BECAUSE THEY ARE SUPERHEROES THAT’S HOW. I should have realized. Liana was a star in a our planning program when she was here–of course she did all that and more. She recently talked about the station and her work with USC alumni magazine, and of course, everything she told me about that night when she was still a student is happening, and happening brilliantly. How do you manage 70 volunteers and hold down a high-profile public policy job? See superhero comment.

So I have been accused of humble-bragging and self-mythologizing on this blog (because God forbid a woman be proud of herself, that needs undermining, fo sure, and boy do some of y’all have a low standard for mythology if my rather prosaic practice background qualifies), this time out I AM STRAIGHT-UP BRAGGING Y’ALL because LOOK AT WHAT LIANA SAID about MEEEEEEE:

Lisa Schweitzer is one of my personal heroes. She is unapologetically smart, witty, insightful and genuinely caring. Dr. Schweitzer’s “Planning Theory” class remains one of the hardest classes I have ever taken, and one of my all-time favorites. I hope I grow up to be even just a fraction of her awesomeness.

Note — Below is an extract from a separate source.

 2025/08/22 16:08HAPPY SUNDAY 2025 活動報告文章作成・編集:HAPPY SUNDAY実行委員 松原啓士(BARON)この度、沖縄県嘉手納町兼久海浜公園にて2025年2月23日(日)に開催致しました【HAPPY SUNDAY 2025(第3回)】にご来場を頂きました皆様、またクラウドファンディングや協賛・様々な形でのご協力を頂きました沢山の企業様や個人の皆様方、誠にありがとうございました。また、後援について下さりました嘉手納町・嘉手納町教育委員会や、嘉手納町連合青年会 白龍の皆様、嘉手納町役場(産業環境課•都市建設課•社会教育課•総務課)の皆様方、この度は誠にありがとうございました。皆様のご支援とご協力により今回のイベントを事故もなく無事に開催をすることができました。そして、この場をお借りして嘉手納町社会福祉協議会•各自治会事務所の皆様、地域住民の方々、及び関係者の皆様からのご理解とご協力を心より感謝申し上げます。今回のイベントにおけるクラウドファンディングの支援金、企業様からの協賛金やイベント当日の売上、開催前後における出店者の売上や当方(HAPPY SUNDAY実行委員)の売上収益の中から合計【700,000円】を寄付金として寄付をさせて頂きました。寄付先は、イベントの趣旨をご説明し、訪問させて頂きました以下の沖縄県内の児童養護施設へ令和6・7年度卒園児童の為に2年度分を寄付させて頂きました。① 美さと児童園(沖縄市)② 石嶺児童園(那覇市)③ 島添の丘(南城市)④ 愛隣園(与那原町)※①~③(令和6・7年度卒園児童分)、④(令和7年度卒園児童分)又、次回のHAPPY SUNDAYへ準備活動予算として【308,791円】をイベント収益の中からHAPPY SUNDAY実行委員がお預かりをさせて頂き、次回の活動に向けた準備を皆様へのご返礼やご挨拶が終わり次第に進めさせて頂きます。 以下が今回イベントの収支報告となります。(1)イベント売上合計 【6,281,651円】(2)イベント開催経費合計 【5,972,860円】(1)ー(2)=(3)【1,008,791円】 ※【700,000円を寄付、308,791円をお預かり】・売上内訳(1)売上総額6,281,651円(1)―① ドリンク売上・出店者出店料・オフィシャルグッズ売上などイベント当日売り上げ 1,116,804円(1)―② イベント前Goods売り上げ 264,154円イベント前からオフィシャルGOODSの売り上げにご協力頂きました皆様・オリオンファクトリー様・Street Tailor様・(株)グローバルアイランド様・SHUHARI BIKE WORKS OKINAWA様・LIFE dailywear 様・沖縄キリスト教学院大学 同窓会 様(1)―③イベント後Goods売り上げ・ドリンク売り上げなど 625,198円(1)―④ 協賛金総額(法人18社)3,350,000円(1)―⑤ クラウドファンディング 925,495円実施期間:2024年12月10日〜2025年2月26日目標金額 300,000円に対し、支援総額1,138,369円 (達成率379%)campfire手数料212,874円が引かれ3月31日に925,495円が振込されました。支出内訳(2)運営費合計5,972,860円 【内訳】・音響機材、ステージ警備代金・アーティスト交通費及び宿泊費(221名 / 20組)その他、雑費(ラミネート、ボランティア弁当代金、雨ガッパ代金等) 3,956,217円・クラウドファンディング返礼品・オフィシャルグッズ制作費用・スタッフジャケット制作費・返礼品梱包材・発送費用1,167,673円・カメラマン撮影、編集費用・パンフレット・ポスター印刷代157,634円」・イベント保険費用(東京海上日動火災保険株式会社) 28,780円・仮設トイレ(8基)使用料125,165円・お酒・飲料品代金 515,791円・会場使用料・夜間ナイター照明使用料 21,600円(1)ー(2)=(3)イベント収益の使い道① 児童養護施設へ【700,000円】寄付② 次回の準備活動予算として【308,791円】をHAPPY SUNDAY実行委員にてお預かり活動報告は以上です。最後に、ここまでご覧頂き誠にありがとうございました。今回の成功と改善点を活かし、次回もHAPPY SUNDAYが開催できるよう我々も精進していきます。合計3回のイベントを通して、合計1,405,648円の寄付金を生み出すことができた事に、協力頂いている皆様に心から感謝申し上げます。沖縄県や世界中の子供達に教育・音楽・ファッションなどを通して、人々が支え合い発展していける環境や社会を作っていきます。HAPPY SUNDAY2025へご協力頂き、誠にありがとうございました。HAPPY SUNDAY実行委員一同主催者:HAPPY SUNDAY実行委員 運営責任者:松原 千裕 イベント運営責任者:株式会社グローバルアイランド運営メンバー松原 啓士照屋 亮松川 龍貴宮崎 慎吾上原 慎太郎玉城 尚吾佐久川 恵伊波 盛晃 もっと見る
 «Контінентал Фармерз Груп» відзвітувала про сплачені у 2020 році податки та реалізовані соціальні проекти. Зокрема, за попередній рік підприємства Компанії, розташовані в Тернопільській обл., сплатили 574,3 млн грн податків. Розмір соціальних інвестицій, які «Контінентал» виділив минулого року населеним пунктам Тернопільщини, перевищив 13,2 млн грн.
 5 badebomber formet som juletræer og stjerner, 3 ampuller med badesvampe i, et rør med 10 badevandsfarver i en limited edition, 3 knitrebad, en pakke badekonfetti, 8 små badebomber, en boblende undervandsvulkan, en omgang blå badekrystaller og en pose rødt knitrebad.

IN YOUR FACE! IN YOUR FACE!!! Ha! Somebody fabulous thinks I’m fabulous, and if that’s not a big ego rush, I dunno what is.

Honestly, I can’t be one of her personal heroes because she’s one of *my* personal heroes! How can that be?

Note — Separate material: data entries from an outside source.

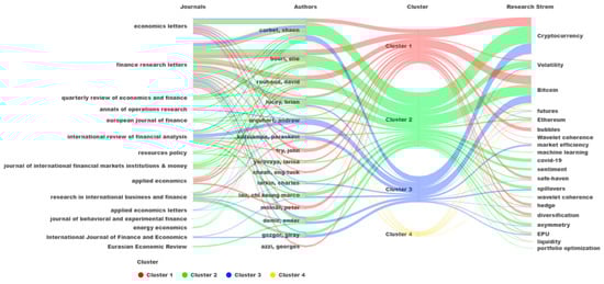 Following Jalal et al. (2021), we identified research streams in the literature. However, instead of using a co-citation analysis, as Alon et al. (2018) and Shonhe (2020), in which the relatedness of the items is determined based on the number of times they are cited together and therefore may change over time very easily, we adopted a bibliographic coupling analysis in which the relatedness of the items is determined based on the number of references they share, which do not change over time (Bartolacci et al. 2020; van Eck and Waltman 2017). We based our research stream on papers from the top 15 authors, resulting in a sample of 90 papers. In Figure 12, we show the relationship of the top 15 authors in our dataset with the most-cited journals, their contributions to the research stream, and consequently, to each cluster. Figure 12 reveals that out of the top 15 authors’ papers, cluster 2 seems to receive the highest flow, followed by cluster 1, cluster 3, and cluster 4. Cluster 1 and cluster 2 contribute to most of the research streams. On the other hand, Cluster 3 seems to contribute more to cryptocurrency, Bitcoin, market efficiency, spillovers, and asymmetry, and Cluster 4 contributes more to volatility, Bitcoin Ethereum, and spillovers. The main research stream are cryptocurrency, Bitcoin, and volatility, as found by Almeida and Gonçalves (2022).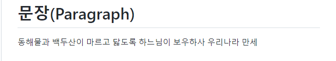 동해물과 백두산이 마르고 닳도록 <!-- 띄어쓰기 두 번-->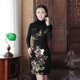 新款羊毛呢改良复古刺绣修身短旗袍连衣裙 兔毛领秋冬季旗袍 礼服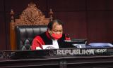 Ketua Mahkamah Konstitusi (MK) Arief Hidayat memimpin sidang Pengujian Materiil Undang-Undang Nomor 11 Tahun 2020 tentang Cipta Kerja terhadap UUD 1945 di ruang sidang pleno Gedung MK, Jakarta, Rabu (16/12/2020). Sidang tersebut beragendakan perbaikan permohonan yang diajukan pemohon yaitu Konfederasi Serikat Pekerja Indonesia (KSPI) yang diwakili oleh Presiden Dewan Eksekutif Nasional KSPI Said Iqbal dan Sekjen Ramidi. (FOTO : Antara/Muhammad Adimaja)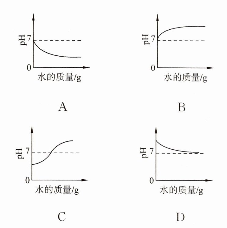 6. 取少量浓氢氧化钠溶液于烧杯中,向其中逐滴加入蒸馏水,用 pH 计测得烧杯中溶液 pH 的变化情况如图所示,其中正确的是(

I can’t tell you how proud of I am to have been one of her teachers. Her whole cohort of MPL grads that year were great, and she was tops in *that* group, which was hard. And this wonderful update has me smiling. Of course, she did it all. What’s next? I can’t wait to find out.

She also notes that that David Sloane guy teaches a great community health class (for sure) and that TJ McCarthy is probably one of the most gifted instructors we have. She has good taste.

Tune into the radio, even if you don’t got time for all this self-congratulation.